**EXERCISE REQUIREMENTS**
Without the pictures, retype exactly the lines from the top of the entries below through the line that contains "IMO, I'd rather".

**DATASET ENTRIES**
>>>>
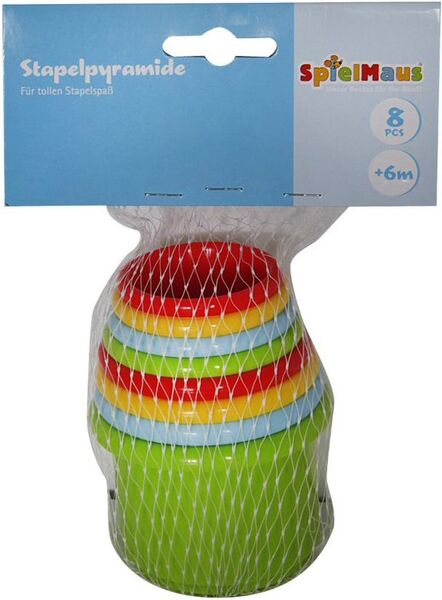 SpielMaus Baby Stapelbecher, 8 Becher in verschiedenen Farben und Größen. Maße ca. 8x8x10 cm. Für Kinder ab 6 Monaten.
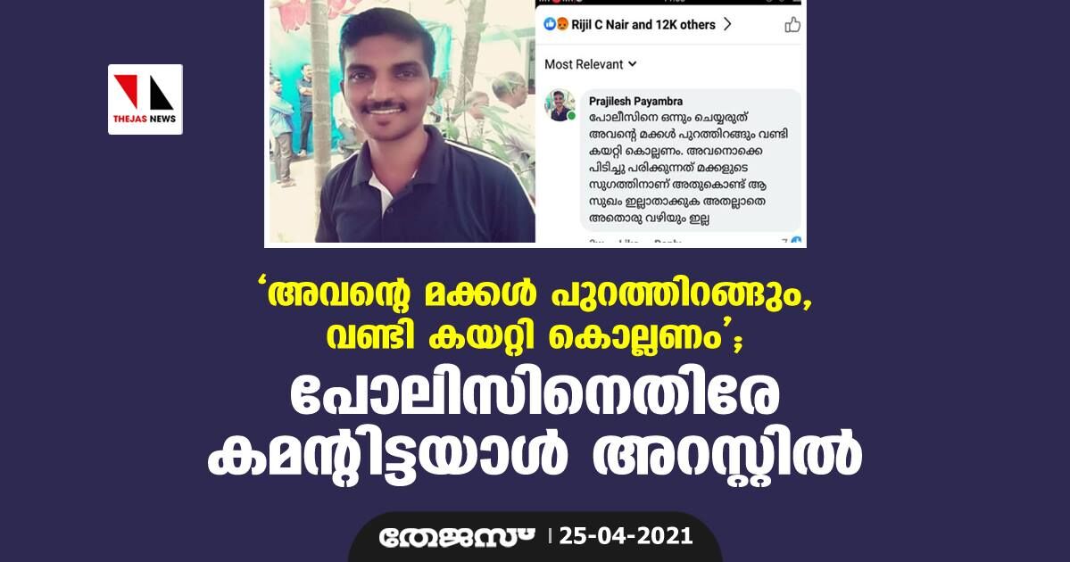 'അവന്റെ മക്കള് പുറത്തിറങ്ങും, വണ്ടി കയറ്റി കൊല്ലണം'; പോലിസിനെതിരേ കമന്റിട്ടയാള് അറസ്റ്റില്
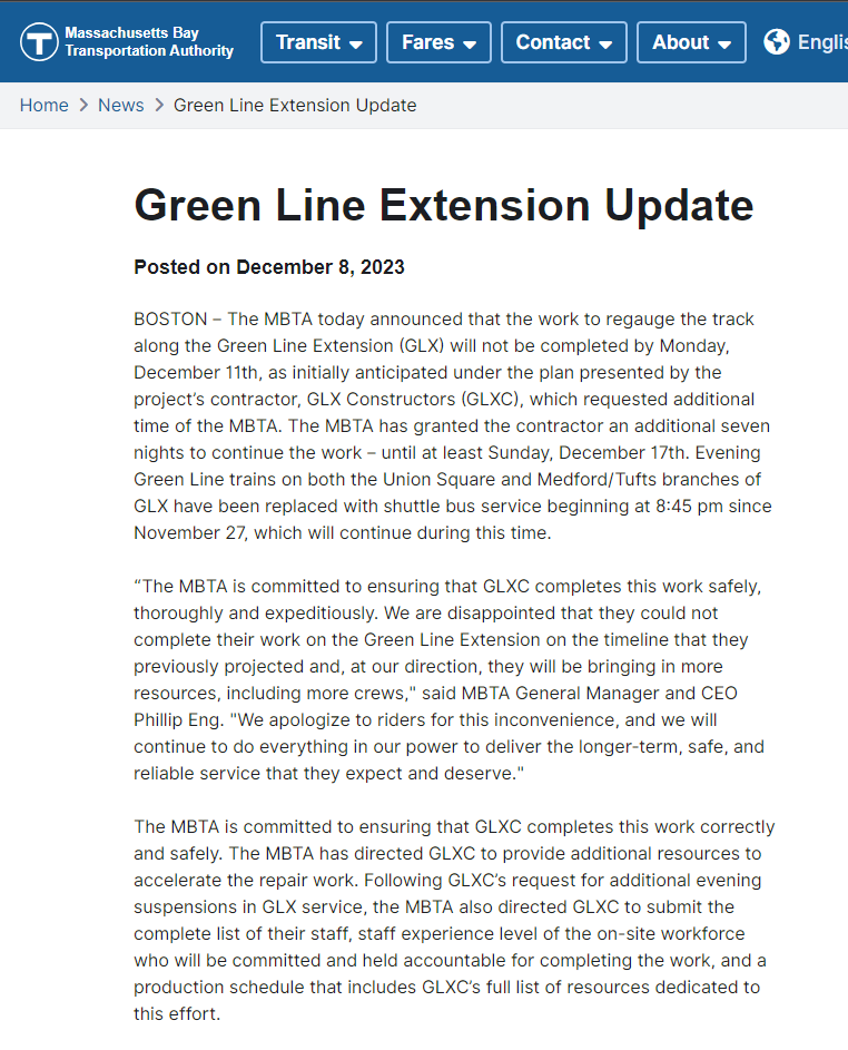 IMO, I'd rather 2 days of hardship and a normal full speed Lechmere Viaduct after that, instead of an extra year (12 months) of the Lechmere Viaduct slow zone slowing down commutes for months on end with no sight of relief.I've heard that it was canceled because of signal problems regarding the turn at Lechmere, and there's plenty of tweets to support this (like this), but it is odd that they then waited until the afternoon to cancel.
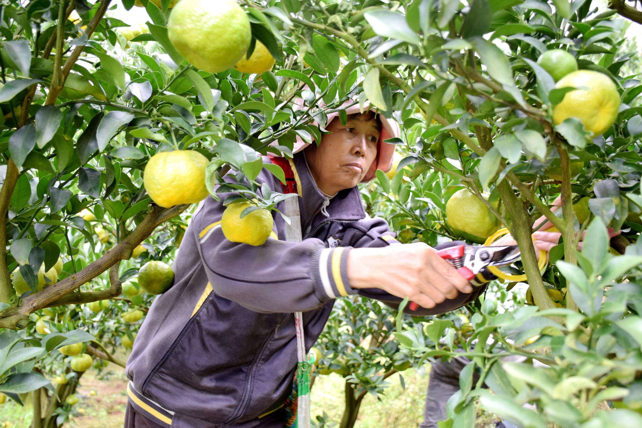 走进曼来镇新光村村委会的柑橘种植园,青黄的椪柑缀满枝头,果香四溢。果农韩云海穿梭林间,手持剪刀快速剪下成熟果实,小心翼翼放入竹筐,随后集中搬运至地头装车,争分夺秒抢收外运,田间地头一派热火朝天的丰收景象。
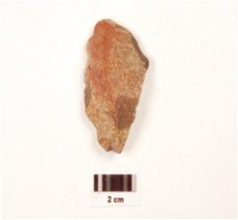 | Description / विवरण | A scraper made on chert, ridge on dorsal surface, difused bulb on ventral, irregular cutting edges. |
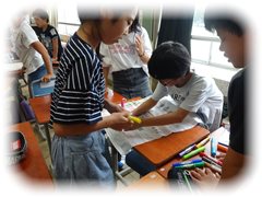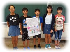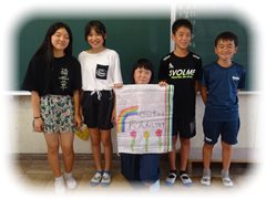小山田小5・6年生は,「土嚢プロジェクト」という取り組みに参加しました。台風等の被害を受けた地域の人たちは,茶色い土砂や茶色い袋の山は見ているだけでも気が滅入るそうです。片付ける人にも、近くを歩く子どもたちにも、「いっしょに作業はできないけど、遠くからでも応援しているよ」という気持ちが伝えられたら、とメッセージや明るい絵を土嚢袋に描きました。「明るい花の絵はどうかな」「花言葉が『幸せ』の花がいいな」「チューリップそうやで」……子どもたちなりに相手の気持ちを考えて話しながら描いていました。ご家庭でも今一度、防災についてお話し合いください。
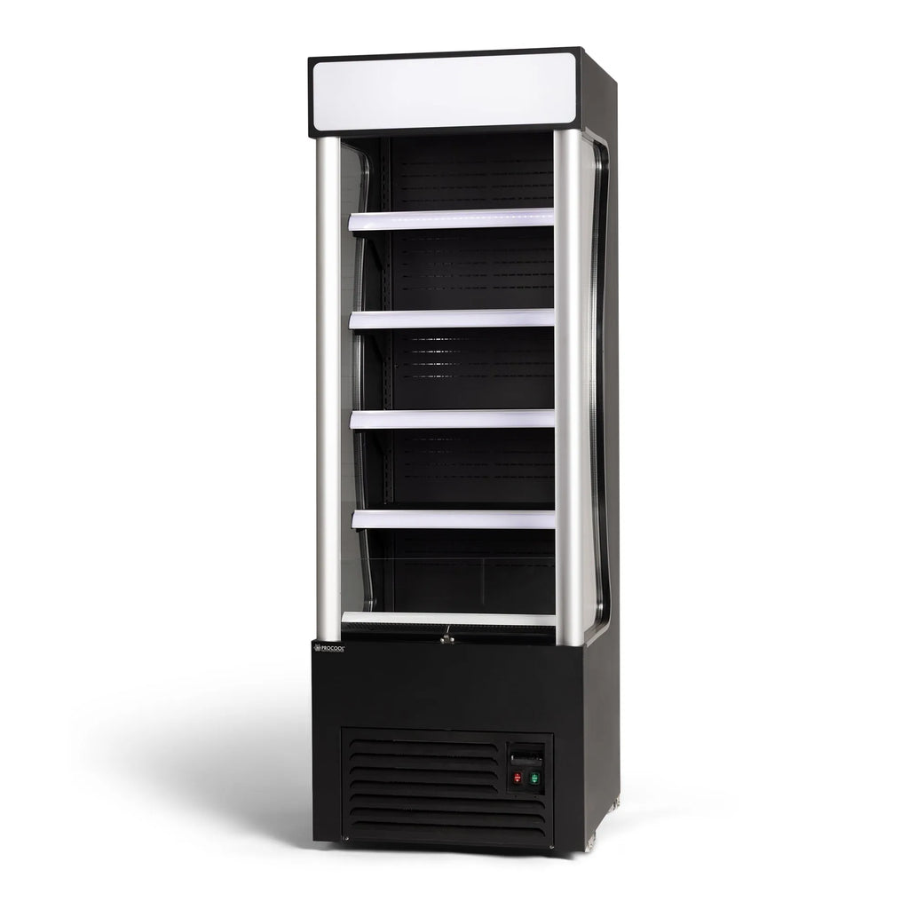 As an open air display cooler, it presents products in a bold vertical showcase, so color, labels and promos pop from across the store. Think of it like an open air merchandiser designed to attract attention and keep lines moving during rush hours.
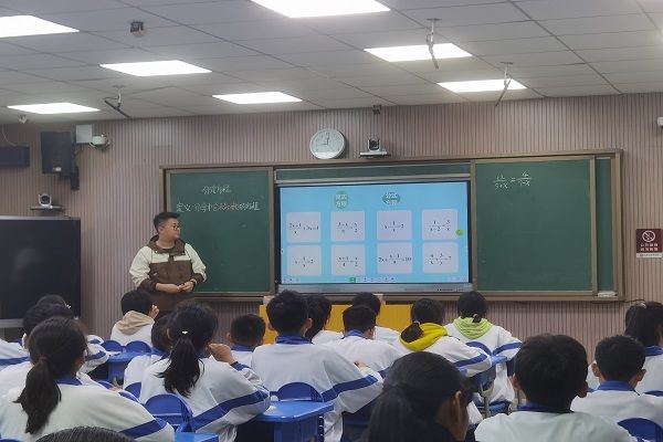 实习生彭普阳,程湘蕾进行公开汇报课《分式方程》及《从分数到分式》。两位实习生在指导老师熊婷英与郭佳佳的指导下,带来了两堂示范课,用别具一格的教学引入方式带领学生学习知识,通过一步步的引导学生循序渐进来完成对分式方程以及分式的知识探究。
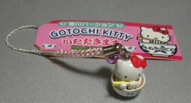 ご当地キティの根付「香川限定 讃岐うどんキティ」どんぶりの中に入って食べてるキティ。讃岐うどん食べたいな~。
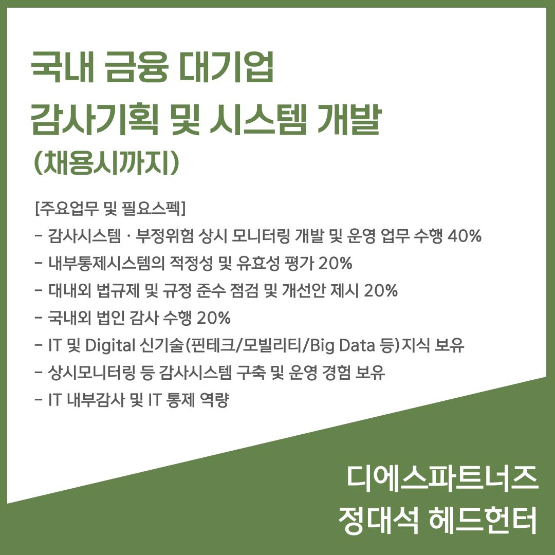 📢 국내 금융 대기업 - 감사기획 및 시스템 개발(채용시까지)
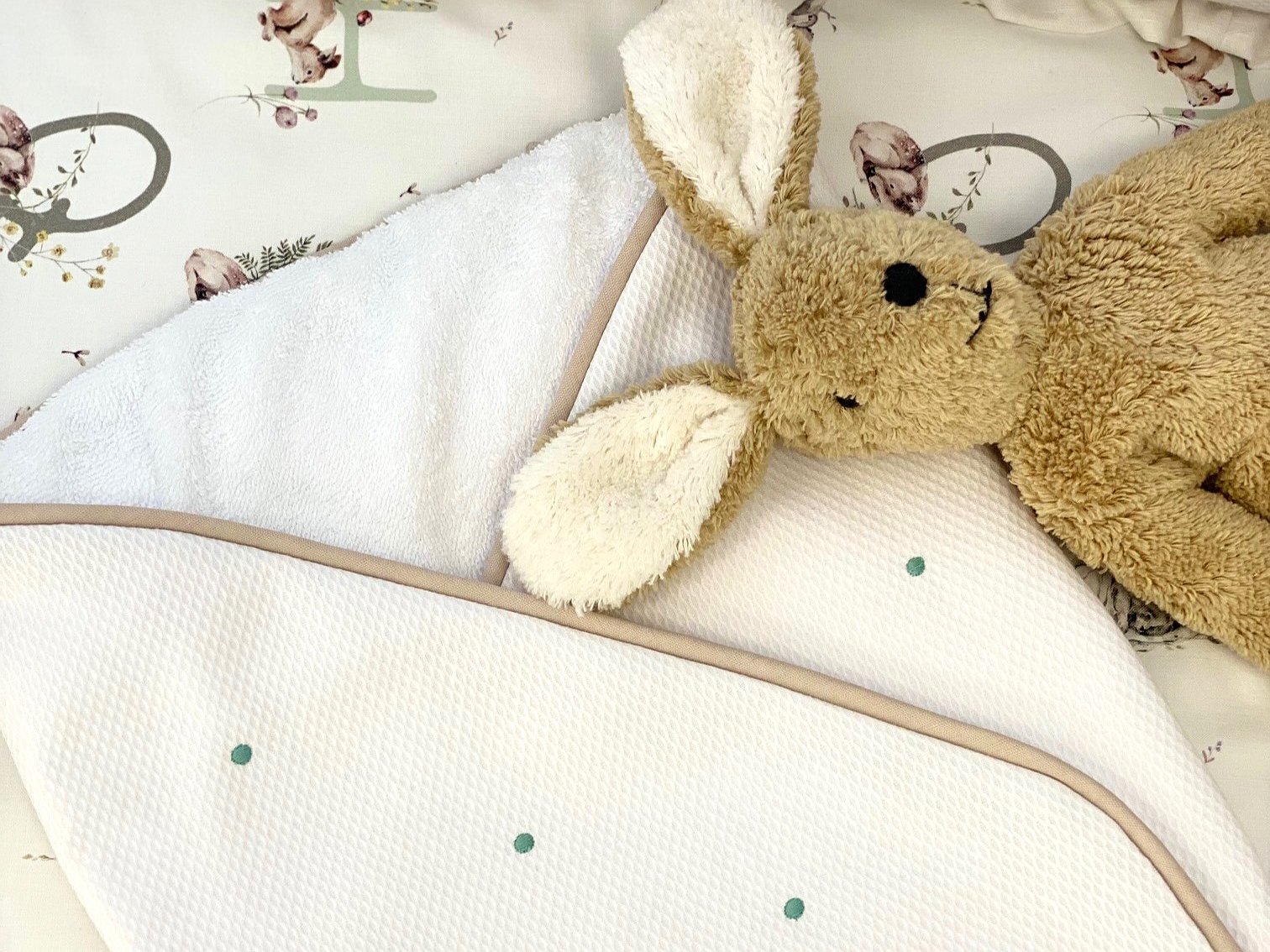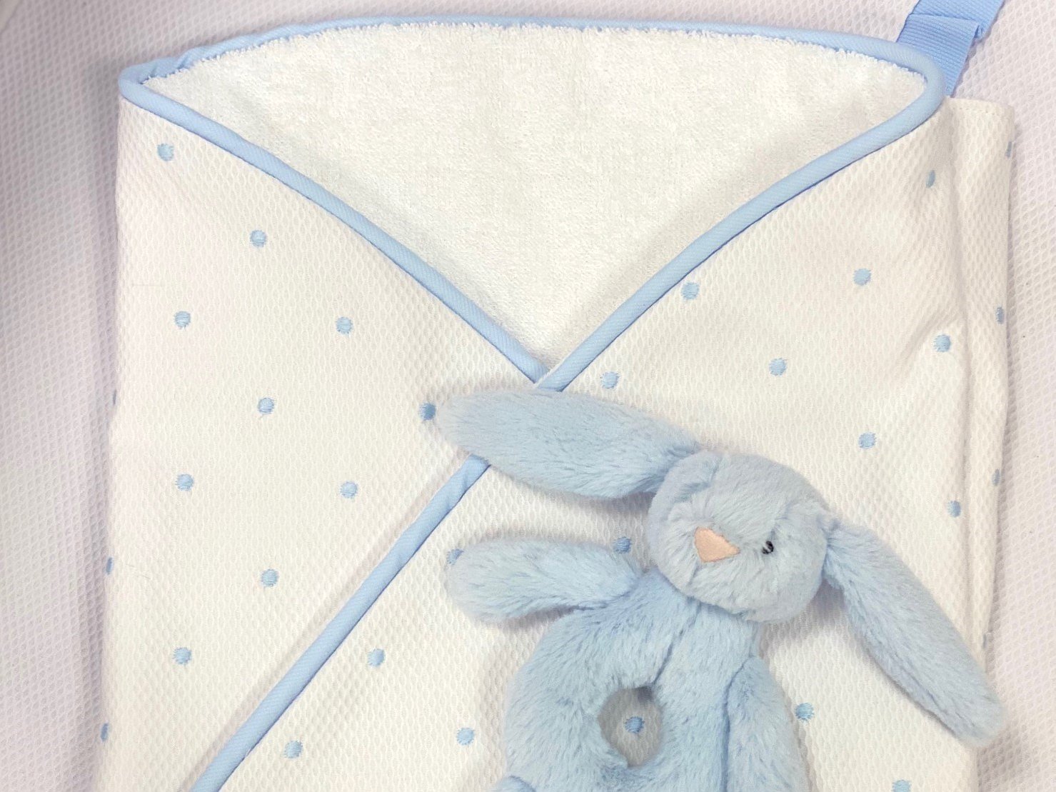 Arrullo piqué bodoque con cordoncillo, ideal para la clínica y para usarlo posteriormente para tapar al bebé y mantener así su calor corporal.
<<<<
**EXERCISE RESPONSE**
 SpielMaus Baby Stapelbecher, 8 Becher in verschiedenen Farben und Größen. Maße ca. 8x8x10 cm. Für Kinder ab 6 Monaten.
 'അവന്റെ മക്കള് പുറത്തിറങ്ങും, വണ്ടി കയറ്റി കൊല്ലണം'; പോലിസിനെതിരേ കമന്റിട്ടയാള് അറസ്റ്റില്
 IMO, I'd rather 2 days of hardship and a normal full speed Lechmere Viaduct after that, instead of an extra year (12 months) of the Lechmere Viaduct slow zone slowing down commutes for months on end with no sight of relief.I've heard that it was canceled because of signal problems regarding the turn at Lechmere, and there's plenty of tweets to support this (like this), but it is odd that they then waited until the afternoon to cancel.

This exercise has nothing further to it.